Он немного поразмышлял над ее предупреждением, оценил его, взвесил, что позволило ему прийти к важному заключению:
- Это не страшно. Для начала приходите завтра на урок итальянского. Заодно и русский подучим.
XII
Вернувшись к себе, Анюта закрылась в комнате, села на краешек стула и стала думать, что ей теперь делать и как быть. Раньше Анюта никогда об этом не думала – делала и все, даже не она сама, а ее руки и ноги, приученные к привычной, каждодневной работе. Но теперь, после разговора с Львом Николаевичем, ей казалось, что одного этого недостаточно и прежде чем делать следует заручиться мыслью, способной управлять ее действиями.
Как хорошо иметь такую мысль, надежного учителя и советчика!
Но вот несчастье: единственно нужная ей мысль от нее ускользала, и тогда Анюта пыталась учить себя сама – без всякой мысли, подчиняясь безрассудному стремлению кого-то наказать, кому-то отомстить, совершить вызывающе странный поступок. Взять и устроить им всем – старухе, Франциску, Лизе, - буффонаду, венецианский карнавал. Опрокинуть стулья и столы, разбросать вещи, разорвать на клочки составленные описи и дотошные перечни ее обязанностей?
Нет, не годится: самой же придется потом все убирать.
Тогда смириться и терпеть, безропотно сносить все уколы, нападки, бойкоты. Тоже плохо. Так можно и себя потерять, превратиться в послушную заводную куклу.
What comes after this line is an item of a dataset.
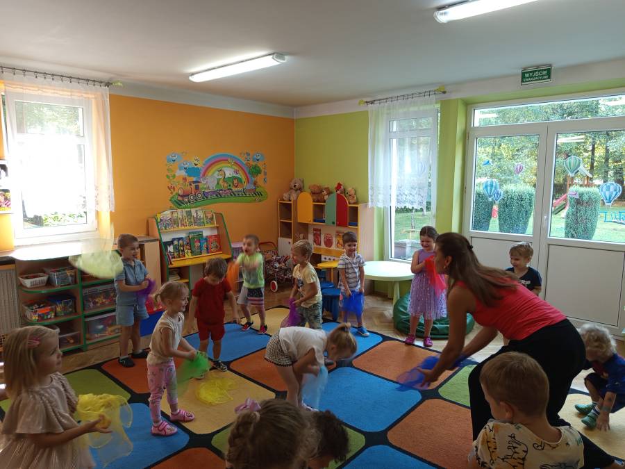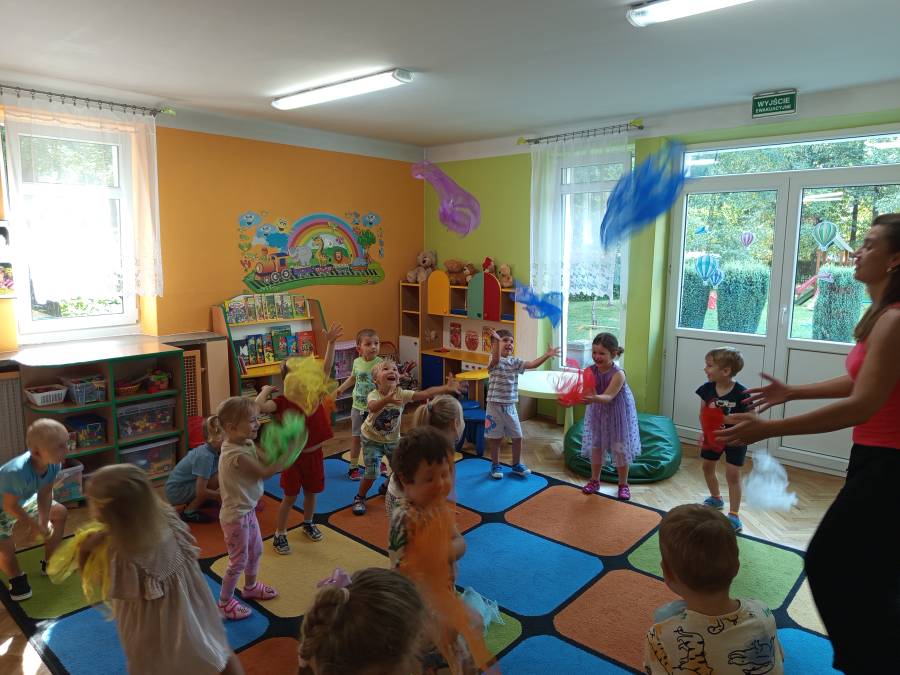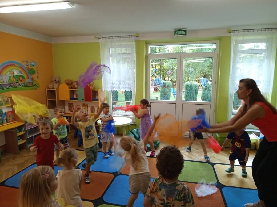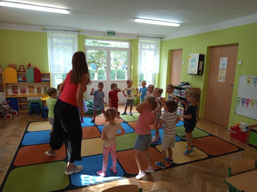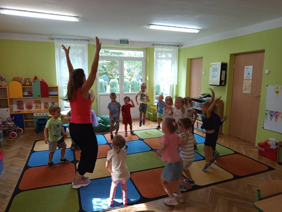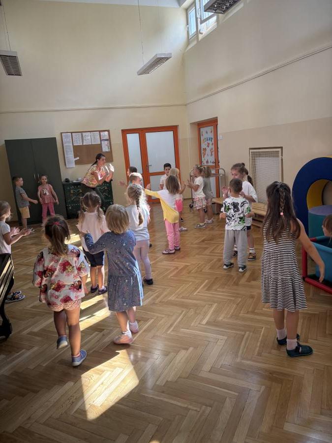 Dziś odwiedziła nas mama Kai i Oskara, która podzieliła się z nami swoimi umiejętnościami, jakimi na codzień posługuje się w swojej zawodowej pracy. I takim oto sposobem mieliśmy wspaniałe zajęcia taneczno rytmiczne.

Сбежать? Вернуться в Россию (недаром Лев Николаевич вместе с итальянским хотел подучить ее русскому)? Сколько раз собиралась и не смогла, да и теперь не сможет.
Тогда все бросить и уйти вместе со Львом Николаевичем. А беспомощная старуха? А Дарио, ведь он без нее пропадет?
Вот и получалось, что ее собственной блажи доверять нельзя, а надо подчиняться сложившимся привычкам - по-прежнему работать, кормить как малое дитя старуху Кармиллу, вытирать измазанный кашей рот, волочить ее с кресла на унитаз и обратно. Раз уж Россия сиделка, то и ей, Анюте, назначено быть сиделкой.
А еще засесть за итальянский, научиться хотя бы самым простым фразам. Пусть ее Бирюлевна на небесах за дочь порадуется. И ждать, когда пролетят годы и для нее наступит возраст Толстого: тогда, может быть, и явится – забрезжит сквозь тусклую пелену - ее единственная мысль.
ЭПИЛОГ
Через четыре года Франциск и Лиза собрали вещи, простились с отцом и уехали к матери в Абу-Даби. Старуха Кармилла умерла ночью – в грозу – от удушья. Дарио женился на Анюте, чтобы отныне принадлежать ей, как он раньше принадлежал своим женам.
А Лев Николаевич однажды вышел из дома купить хлеба, заказать лекарство в аптеке и не вернулся. Может быть, умер от сердечного приступа на автобусной остановке, а может, ушел. Во всяком случае, его так и не нашли. От него осталась старая скрипка в истертом футляре, четыре тома Толстого и перетянутая аптечной резинкой пачка фотографий (среди них – дача в Чертанове, на пригорке, под липами).
Ни в Ластре, ни во Флоренции никто его больше не видел. Видели в Риме похожего старика, но был ли это Лев Николаевич или кто другой, с уверенностью утверждать трудно, как и вообще что-либо утверждать. Во всяком случае, старик подзывал к себе детишек, катавшихся рядом на велосипедах или досках с колесиками, гладил их по голове и чему-то учил.
Если бы это происходило в маленьком городке вроде той же Ластры, можно было бы усмотреть в его поучениях нечто необычное, особенное, даже уникальное. Но в Риме слишком много стариков. Они греют на солнце свои лысые головы, ковыляют с палками, снуют повсюду в своих инвалидных креслах, бранятся, всем надоедают и чему только не учат.